Starting With the Basics
It's important to recognize that while everyone can benefit from some basic mental health training, responding to these types of scenarios isn't the right "fit" for all officers, Watson adds. Part of the CIT model expresses that not everyone will be adept at this type of response, even after they've undergone the training.

"Part of the program is identifying the people who have expressed an interest in responding to these types of calls," Watson explains. "That's not to say everyone shouldn't receive at least some basic skills such as what constitutes a mental health call and how they can manage that call until a CIT officer gets there."

That basic training is what The National Council for Behavioral Health hopes to achieve with their One Mind Campaign. The National Council recently partnered with the International Association of Chiefs of Police in announcing their One Mind Campaign, which calls on all police agencies in the United States to train 100% of their sworn officers and other support staff in "Mental Health First Aid" and train at least 20% of sworn staff in the CIT model.

Bryan V. Gibb, director of public education for the National Council for Behavioral Health, says more than 700,000 individuals have been trained to date and the goal is to make the training as common as CPR. It is an eight-hour, one-day course for law enforcement that includes the basic skills necessary to reach out and provide comfort for someone in a mental health crisis. Gibb says it's focused on deescalating a situation and then referring the individual to the proper channels for professional help. "It utilizes some very basic skills such as patience, a calm voice, and proximity," Gibb explains. "Individuals can be escalated simply because they feel trapped. And oftentimes, individuals may have a fear of the officer's uniform or of loud noises. Sometimes just understanding what these triggers are can help."

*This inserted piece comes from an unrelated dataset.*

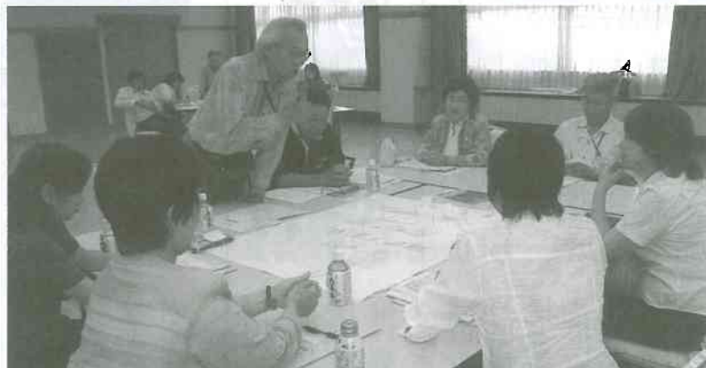
▲各グループごとに話しあわれた内容を報告

Gibb says the foundational element of Mental Health First Aid is a background on what mental health "looks like." It teaches the officers about some of the common ways someone with mental illness might act. Then it looks at how officers can respond to those situations without escalating the situation. Finally, it takes a look at the stigmas that have been associated with mental illness—some of which may include preconceptions of the responding officers.

"Stigmas reinforce and enable what officers think about individuals with mental illness and in turn affect how they'll respond," Gibb says. "But if we can get officers to understand what mental illness really is, it changes that response."

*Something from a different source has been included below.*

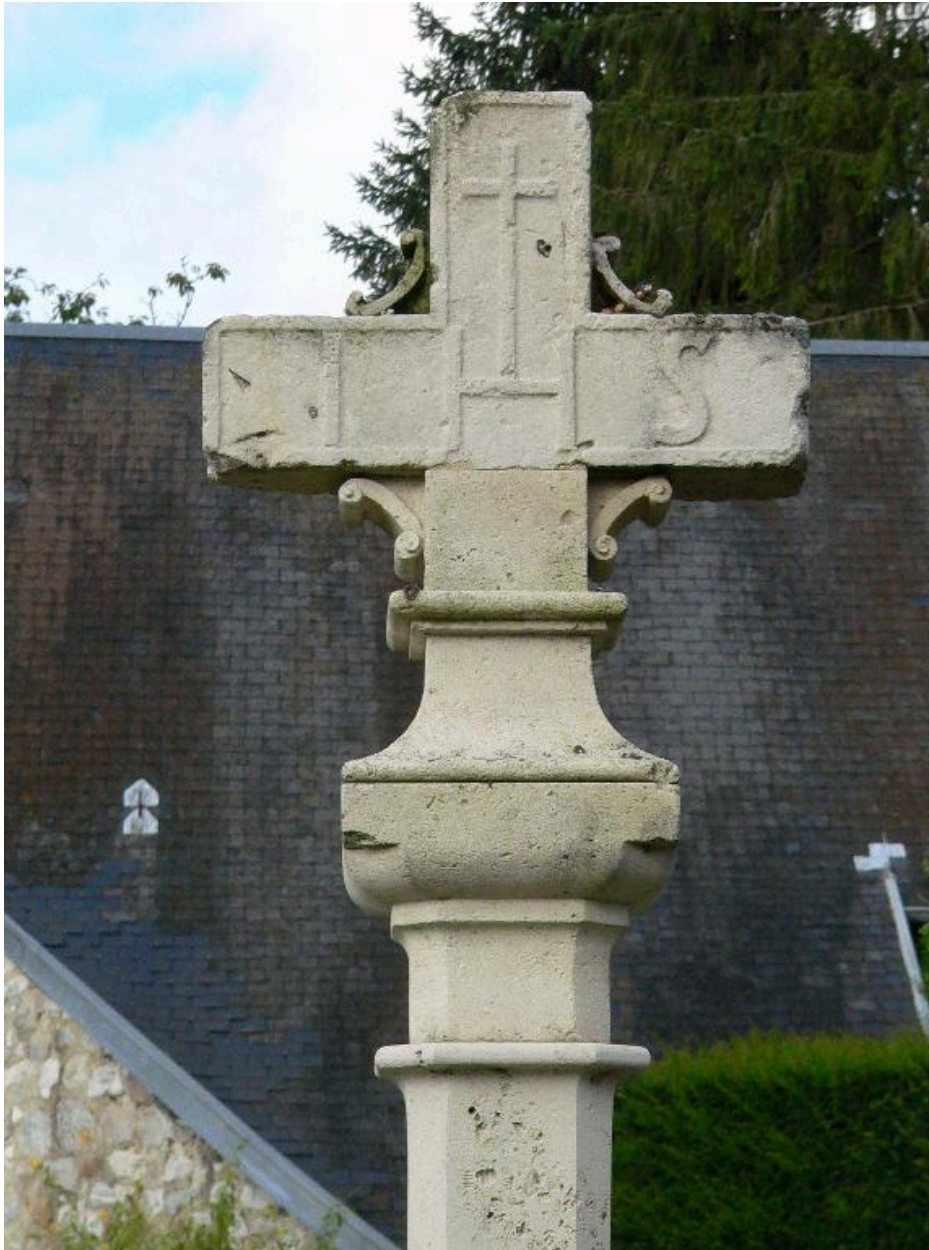
Détail de la partie supérieure : décor de l'un des côtés.

Gibb says that when officers assume that a person in a mental health crisis is behaving in a certain way, perhaps like a criminal or a dangerous individual, those assumptions lead to a response. But Mental Health First Aid tries to create understanding.

"If the individual is swinging their arms, an officer who comes from a place of understanding might recognize that this individual is not necessarily being aggressive but is being defensive," Gibb explains. "The officer will then understand that by stepping back, they may actually deescalate the situation."

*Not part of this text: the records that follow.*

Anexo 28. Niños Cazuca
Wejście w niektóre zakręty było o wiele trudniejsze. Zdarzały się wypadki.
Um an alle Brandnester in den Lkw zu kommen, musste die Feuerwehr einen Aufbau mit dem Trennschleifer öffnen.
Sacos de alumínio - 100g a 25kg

Undoubtedly, it contrasts with the basic training skills that most officers are taught. But that's why it's so important.

Social Worker Skills
Usher says that social workers can play a vital role in ensuring that someone who has suffered a mental health crisis is getting the services they need. Oftentimes these individuals are taken to the emergency department and released in 24 to 48 hours with no follow-up care—and that's when the cycle repeats itself. But an important part of the puzzle is ensuring that these individuals are connected to a long-term solution.

Watson says that social workers are often part of the initial training, as well. She says that when officers and mental health and community care providers, such as social workers, all work together, that's when true solutions are developed.

"I would suggest that social workers get involved by going to their local precinct, attending roll calls, and just letting your local officers know what your agency does," Watson says. "As people begin to work together, that's what can lead to some real change in your community."

— Lindsey Getz is a Royersford, PA-based freelance writer.